Tidak ada Senat Republik yang menandatangani surat itu, yang dipimpin oleh Senator Kirsten Gillibrand, DN.Y., dan Ed Markey, D-Mass., Tetapi Senator GOP Alaska Lisa Murkowski menyuarakan dukungan untuk media publik dalam sebuah editorial di dalamnya di dalamnya di dalam editorial di dalam Penambang Berita Harian Fairbanks awal bulan ini. Dia mengatakan hilangnya dana untuk stasiun lokal di negara bagian asalnya akan “menghancurkan.”
“Tidak hanya sebagian besar komunitas Alaska akan kehilangan pemrograman lokal mereka, tetapi sistem peringatan untuk bencana alam, pemadaman listrik, penasihat air mendidih, dan peringatan lainnya akan sangat terhambat. Apa yang mungkin tampak seperti pengeluaran sembrono bagi beberapa orang telah terbukti menjadi sumber daya yang ternilai yang menyelamatkan nyawa di Alaska,” Murkowski.

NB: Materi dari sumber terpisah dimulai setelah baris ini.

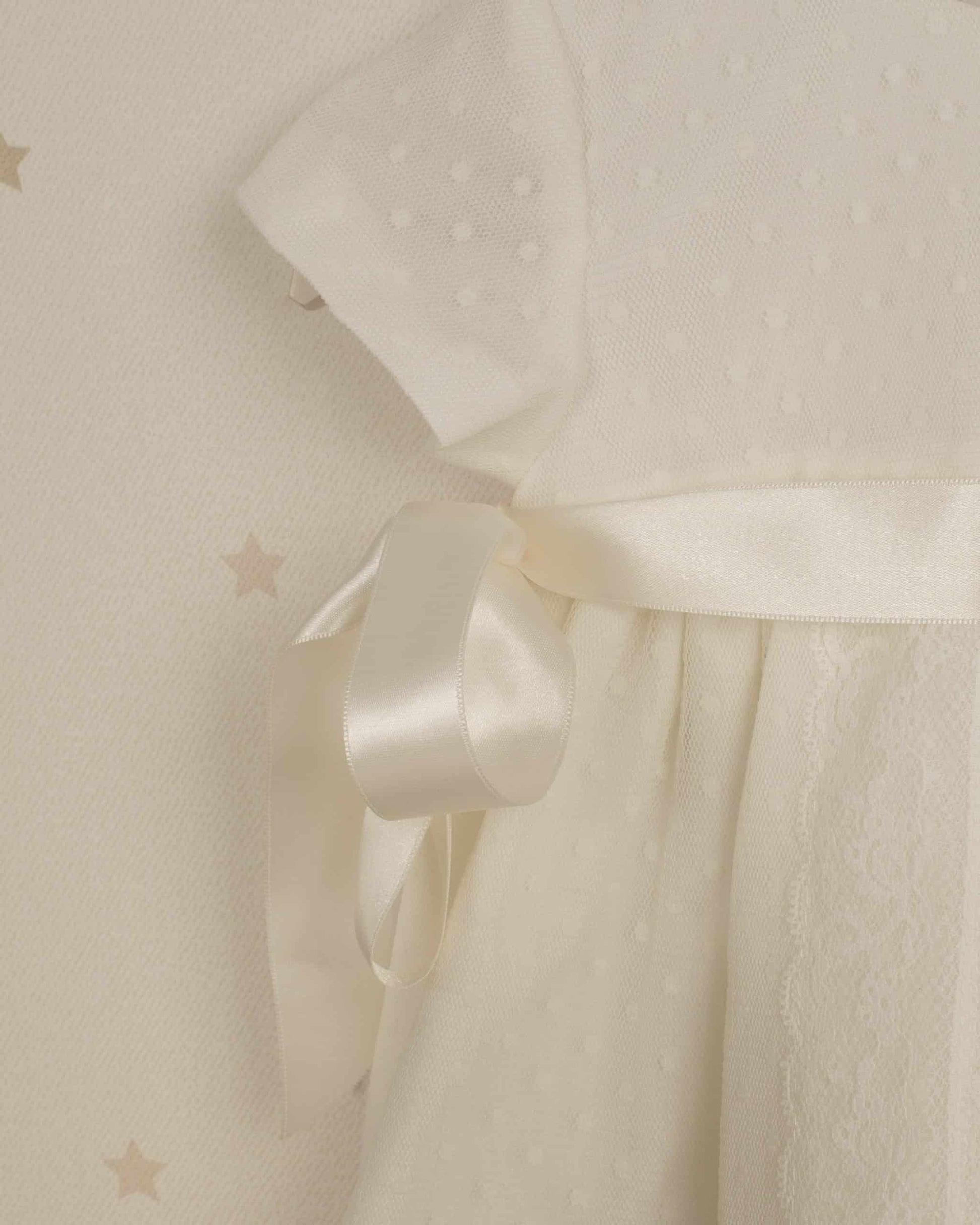 VESTIDO JESUSITO TUL TOPOS CON CAPOTA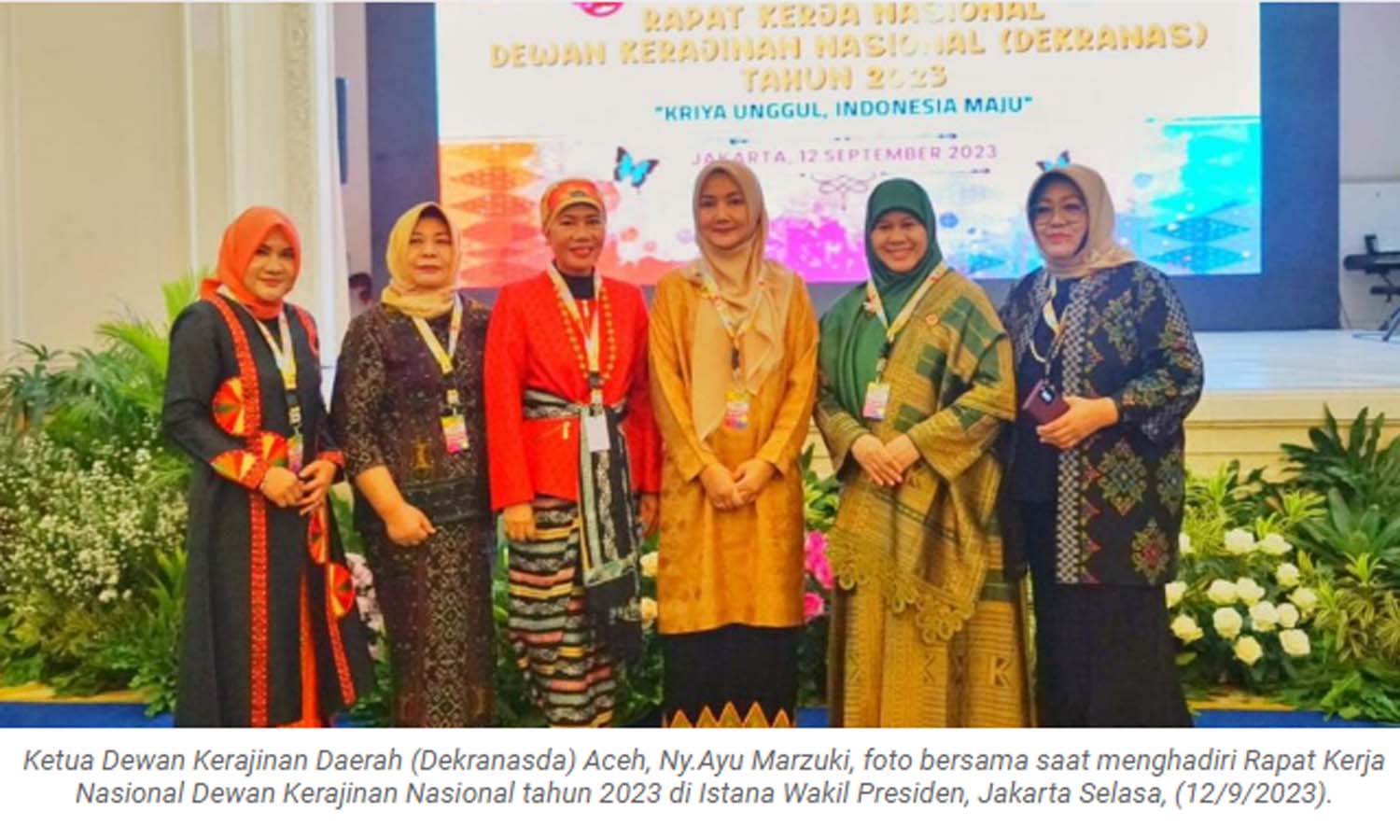Jakarta – Ketua Dewan Kerajinan Daerah (Dekranasda) Aceh, menghadiri Rapat Kerja Nasional Dewan Kerajinan Nasional tahun 2023 di Istana Wakil Presiden, Selasa, 12 September 2023.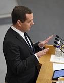 Председатель правительства России Дмитрий Медведев во время выступления на заседании Государственной думы России.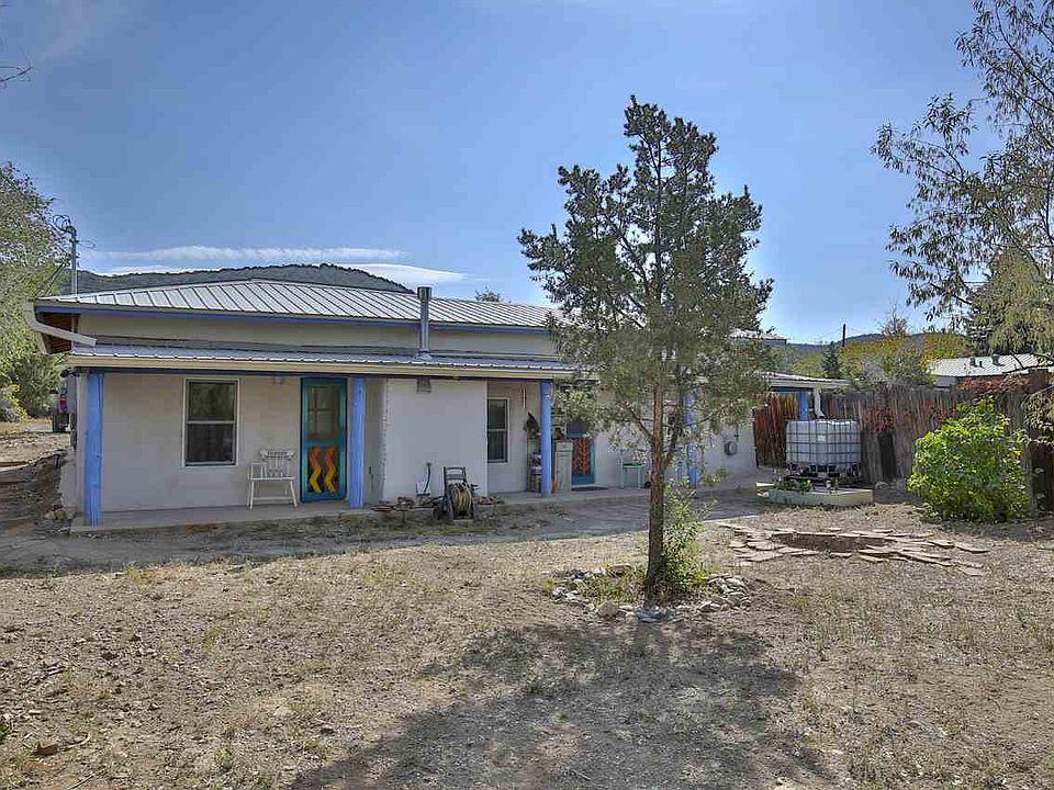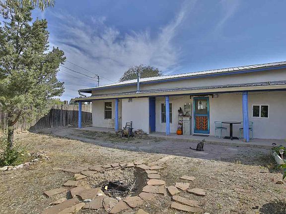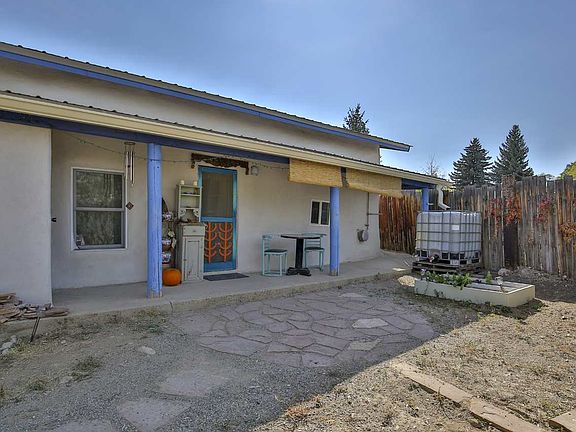 An delightful, sweet, classic - an old Adobe circa 1920, that has it all - a metal roof, new stucco and windows, fruit trees, room to garden, in-floor radiant heat, gas powered heat, a full bath, a storage shed and a bonus camper (with no value). This two bed, 1 bath 759 sq foot beauty, comes with vigas and plank and coved plaster ceilings, saltillo tile and oodles of charm. The old apricot is big enough for shade and will help you keep your visiting friends happy. On community water and El Valle sewer and with two water catchment cisterns - so you can nurture your oasis to your heart's content. Some lovely touches to look for - artistic doors and custom cabinets with a narrative history of the home on the inside door of the cabinet in the larger bedroom. Used as a two bedroom now, could easily be a 1 bed with a larger living room. Connected to KC fiber optic broadband and comes with stacking washer/dryer.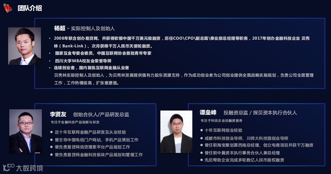 杨超告诉记者,在他看来,金融科技行业是金融与科技两个大行业的融合,门槛是相对比较高的,而贝壳林所有的创始团队成员在对金融服务行业及金融科技行业都具备一定的经验和资源,每个部门的负责人及员工大都属于合伙人,并且在金融科技领域或传统金融机构中从事很多年,有着丰富的从业经验。超级“硬核”的创业团队形成了贝壳林在行业内的独有竞争力。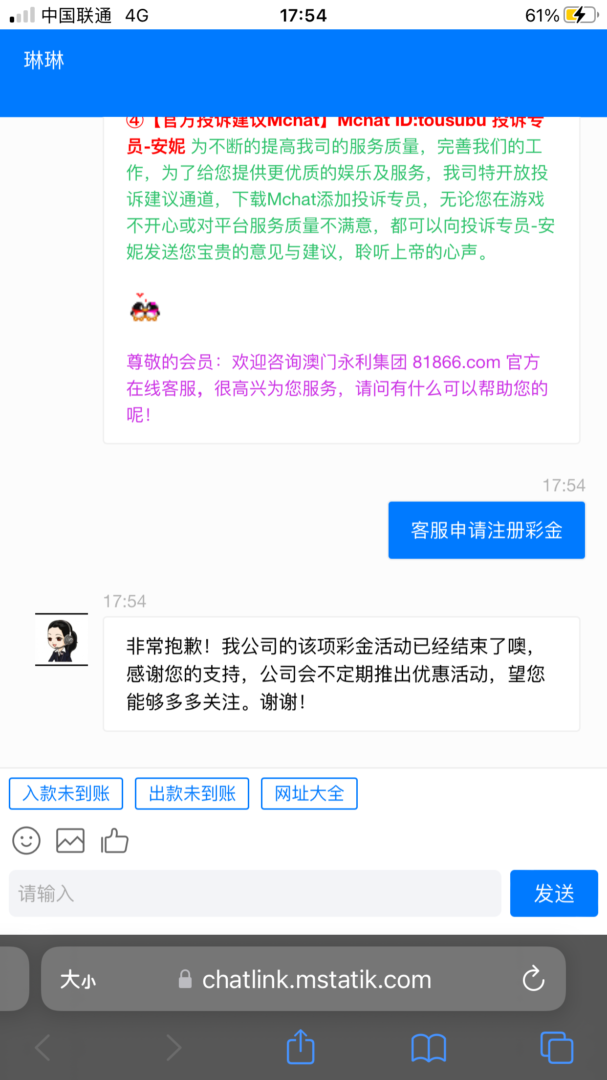 非常抱歉!我公司的该项彩金活动已经结束了噢,感谢您的支持,公司会不定期推出优惠活动,望您能够多多关注。谢谢!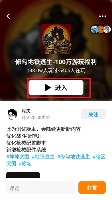 4、然后我們就會進(jìn)入到游戲詳情頁面,在該頁面中,點(diǎn)擊其中的【進(jìn)入】就可以等待加載完成之后進(jìn)入到游戲。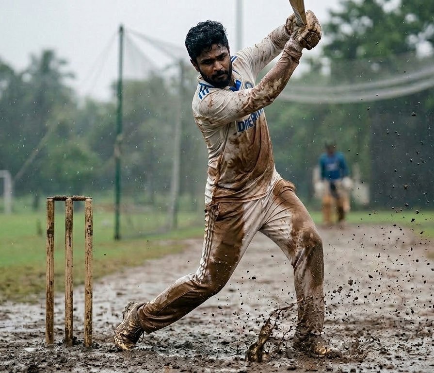 തിരുവനന്തപുരത്തെ വിജനമായ, ചെളി നിറഞ്ഞ ഒരു ഗ്രൗണ്ട്. പേമാരി പെയ്യുന്നു—എല്ലാം സ്തംഭിപ്പിക്കുന്ന കേരളത്തിലെ കർക്കിടക മൺസൂൺ. പക്ഷേ അവൻ മാത്രം നിർത്തിയില്ല.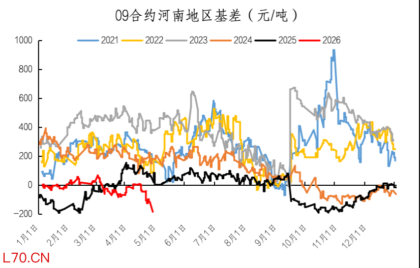 基差方面:今日现货市场主流报价稳定,期货收盘价上涨;以河南地区为基准,基差环比上个交易日走弱,5月合约基差-184元/吨(-69元/吨)。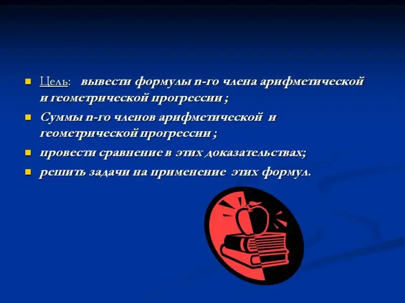 Цель: вывести формулы n-го члена арифметической и геометрической прогрессии и провести сравнение в этих доказательствах, решить задачи на применение этих формул.

Sekelompok 104 Demokrat House yang dipimpin oleh Perwakilan New York Dan Goldman, mengirim a surat pada hari Selasa ke Partai Republik dan Demokrat teratas di panel pengeluaran DPR yang mengawasi CPB. “Tanpa dukungan federal untuk penyiaran publik, banyak daerah akan berjuang untuk menerima berita lokal yang tepat waktu dan andal, terutama komunitas terpencil dan pedesaan bahwa ruang berita komersial semakin kecil kemungkinannya untuk berinvestasi,” tulis anggota parlemen.
Trump secara terpisah pindah untuk menggunduli outlet penyiaran publik oleh Menerbitkan Perintah Eksekutif Bulan lalu menginstruksikan CPB untuk berhenti melepaskan uang ke NPR dan PBS. NPR dan sekelompok stasiun lokal menggugat administrasi, dengan alasan perintah itu tidak konstitusional. Secara terpisah PBS dan salah satu stasiun anggotanya di Minnesota juga mengajukan gugatan untuk memblokir pesanan.
Kepala NPR dan PBS bersaksi Sebelum panel pengawas rumah dan menyatakan bahwa pemotongan dana untuk CPB paling banyak akan mencapai stasiun pedesaan – di mana masyarakat tidak memiliki outlet media swasta lain untuk melaporkan berita nasional, tetapi juga tentang cerita lokal yang penting seperti bencana alam. Setelah paket penyelamatan dikirim ke Capitol Hill pada hari Selasa, para pemimpin mendorong kembali terhadap upaya pendanaan clawback.
Pengungkapan: Kisah ini ditulis dan dilaporkan oleh koresponden kongres NPR Deirdre Walsh dan diedit oleh editor pelaksana Gerry Holmes. Di bawah protokol NPR karena melaporkan dirinya sendiri, tidak ada pejabat perusahaan atau eksekutif berita yang meninjau cerita ini sebelum diposting secara publik.